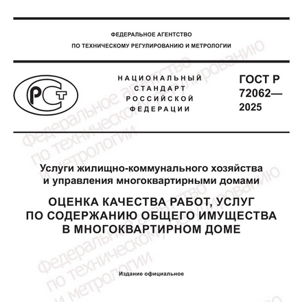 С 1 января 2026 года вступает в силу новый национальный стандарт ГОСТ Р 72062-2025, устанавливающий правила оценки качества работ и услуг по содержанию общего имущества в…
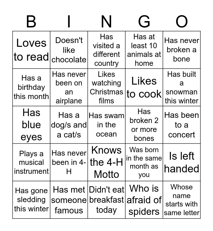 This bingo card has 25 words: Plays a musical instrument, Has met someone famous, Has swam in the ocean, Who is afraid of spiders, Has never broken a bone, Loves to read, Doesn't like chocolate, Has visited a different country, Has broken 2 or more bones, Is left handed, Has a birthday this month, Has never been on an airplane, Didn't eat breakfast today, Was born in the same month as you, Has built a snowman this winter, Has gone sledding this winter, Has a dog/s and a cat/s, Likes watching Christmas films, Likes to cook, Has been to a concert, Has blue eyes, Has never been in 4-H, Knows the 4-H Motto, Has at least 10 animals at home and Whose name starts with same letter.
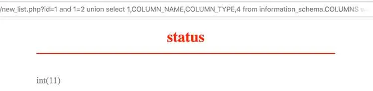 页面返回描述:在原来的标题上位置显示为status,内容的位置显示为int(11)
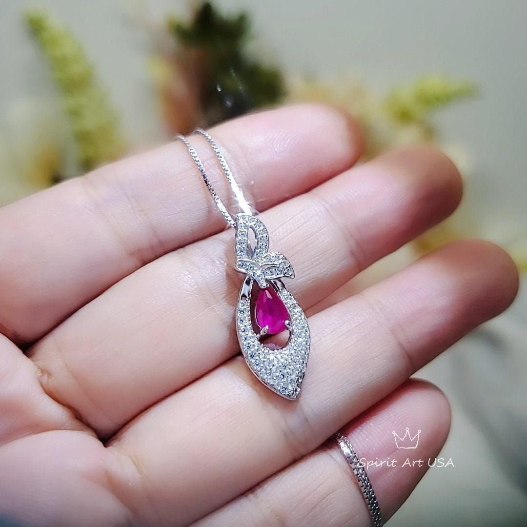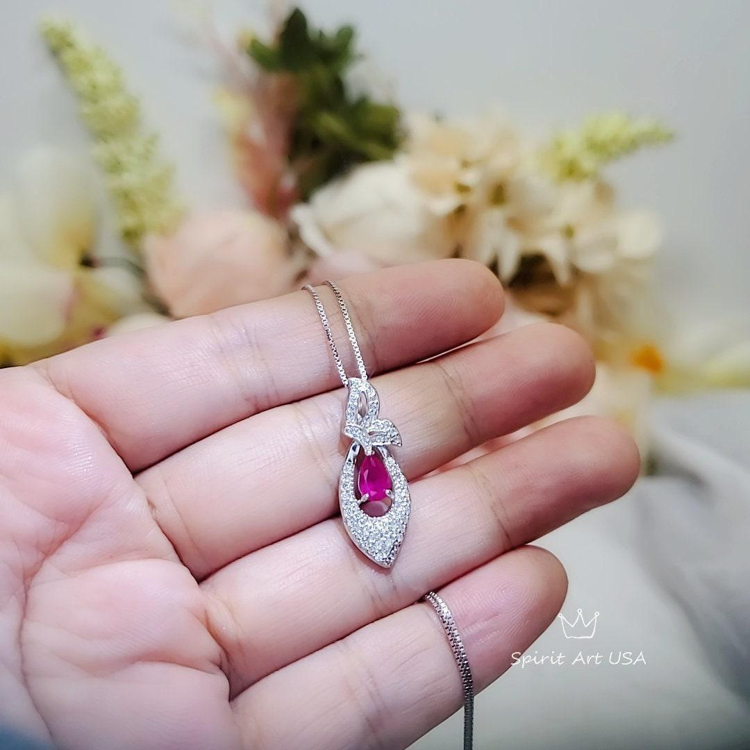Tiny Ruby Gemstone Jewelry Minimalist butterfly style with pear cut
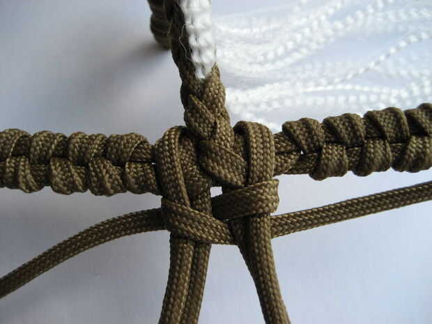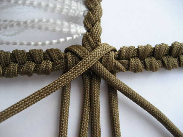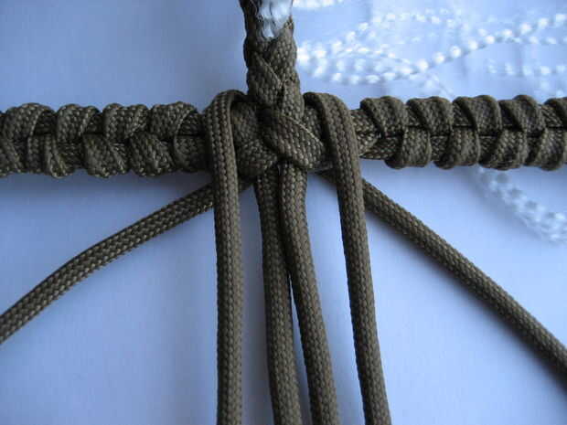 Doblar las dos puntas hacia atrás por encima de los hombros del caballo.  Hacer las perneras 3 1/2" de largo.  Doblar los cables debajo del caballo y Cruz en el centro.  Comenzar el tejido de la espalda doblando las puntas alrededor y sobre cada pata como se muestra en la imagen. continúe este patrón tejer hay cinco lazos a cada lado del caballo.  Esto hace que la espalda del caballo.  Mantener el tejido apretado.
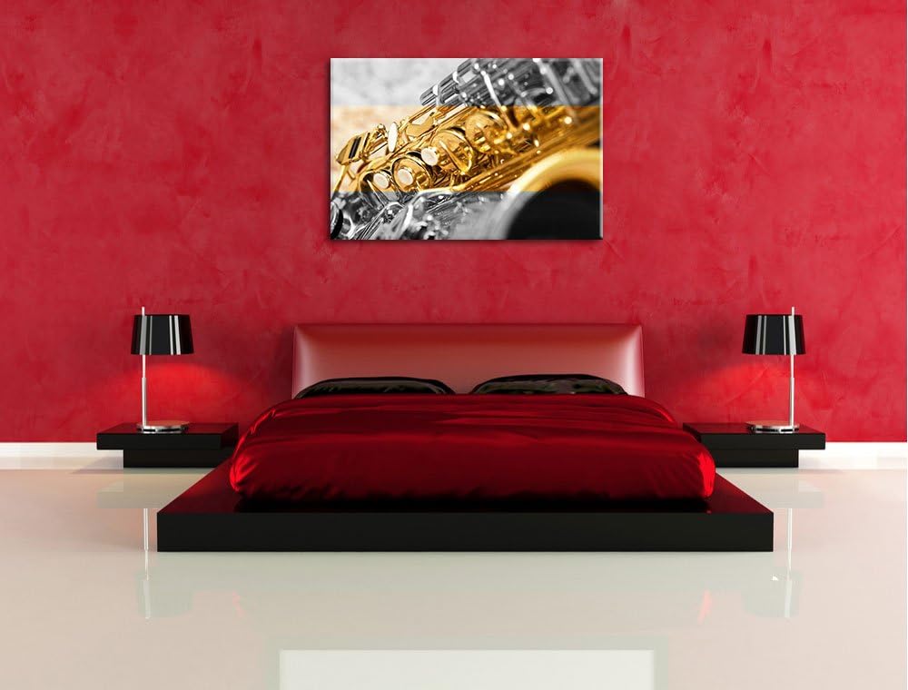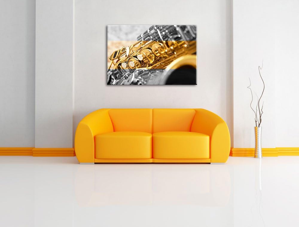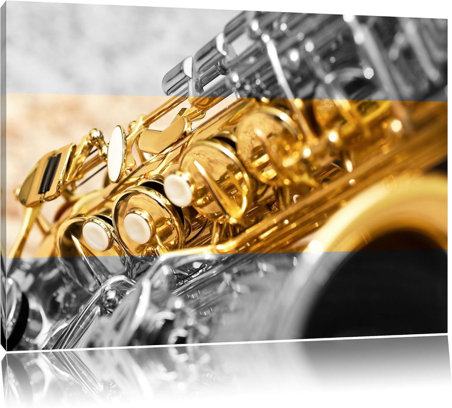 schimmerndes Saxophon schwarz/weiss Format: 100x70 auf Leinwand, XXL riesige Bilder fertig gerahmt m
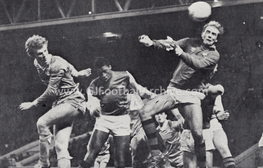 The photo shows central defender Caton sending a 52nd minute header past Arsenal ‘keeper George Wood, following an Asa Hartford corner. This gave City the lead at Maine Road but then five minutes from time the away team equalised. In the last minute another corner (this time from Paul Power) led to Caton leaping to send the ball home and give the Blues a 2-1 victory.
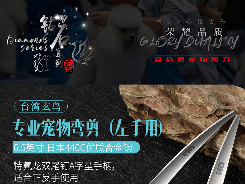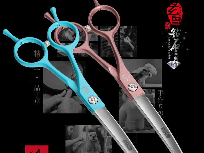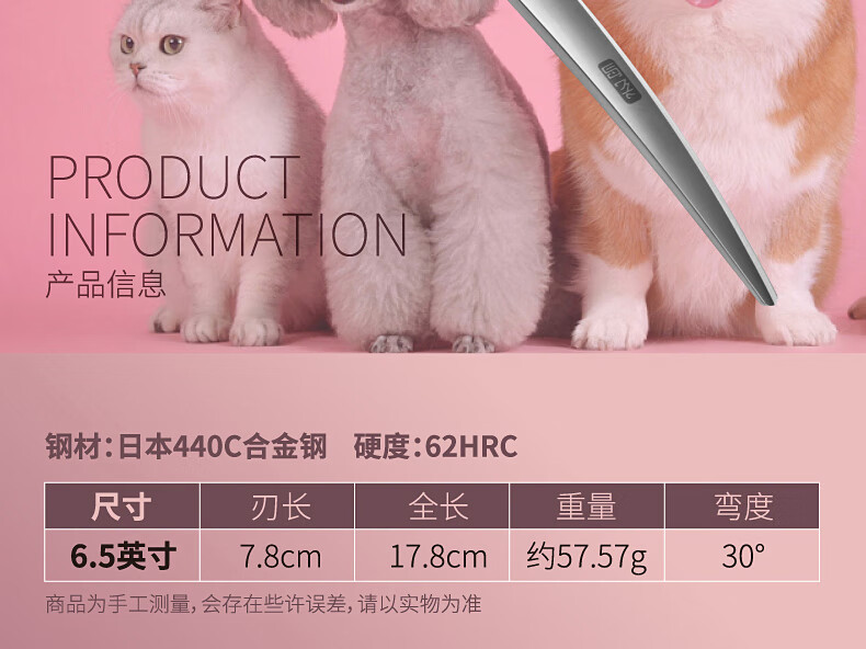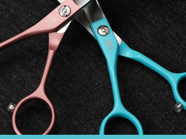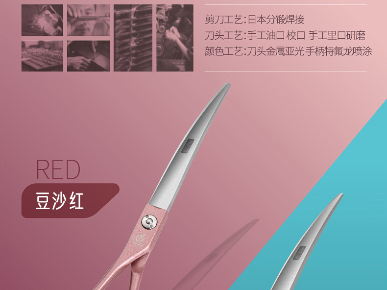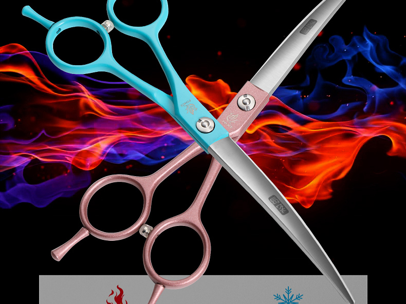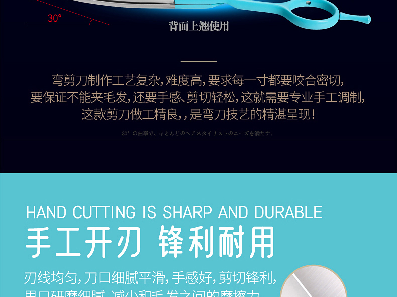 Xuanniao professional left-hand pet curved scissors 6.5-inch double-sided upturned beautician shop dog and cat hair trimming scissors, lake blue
──────
### [PROBLEM DESCRIPTION]
Only one stretch of the data is wanted: write out exactly the lines from the one holding "This bingo card" through the one holding "schimmerndes Saxophon schwarz/weiss", both included, without the pictures.

### [RESPONSE AREA]
 This bingo card has 25 words: Plays a musical instrument, Has met someone famous, Has swam in the ocean, Who is afraid of spiders, Has never broken a bone, Loves to read, Doesn't like chocolate, Has visited a different country, Has broken 2 or more bones, Is left handed, Has a birthday this month, Has never been on an airplane, Didn't eat breakfast today, Was born in the same month as you, Has built a snowman this winter, Has gone sledding this winter, Has a dog/s and a cat/s, Likes watching Christmas films, Likes to cook, Has been to a concert, Has blue eyes, Has never been in 4-H, Knows the 4-H Motto, Has at least 10 animals at home and Whose name starts with same letter.
 页面返回描述:在原来的标题上位置显示为status,内容的位置显示为int(11)
Tiny Ruby Gemstone Jewelry Minimalist butterfly style with pear cut
 Doblar las dos puntas hacia atrás por encima de los hombros del caballo.  Hacer las perneras 3 1/2" de largo.  Doblar los cables debajo del caballo y Cruz en el centro.  Comenzar el tejido de la espalda doblando las puntas alrededor y sobre cada pata como se muestra en la imagen. continúe este patrón tejer hay cinco lazos a cada lado del caballo.  Esto hace que la espalda del caballo.  Mantener el tejido apretado.
 schimmerndes Saxophon schwarz/weiss Format: 100x70 auf Leinwand, XXL riesige Bilder fertig gerahmt m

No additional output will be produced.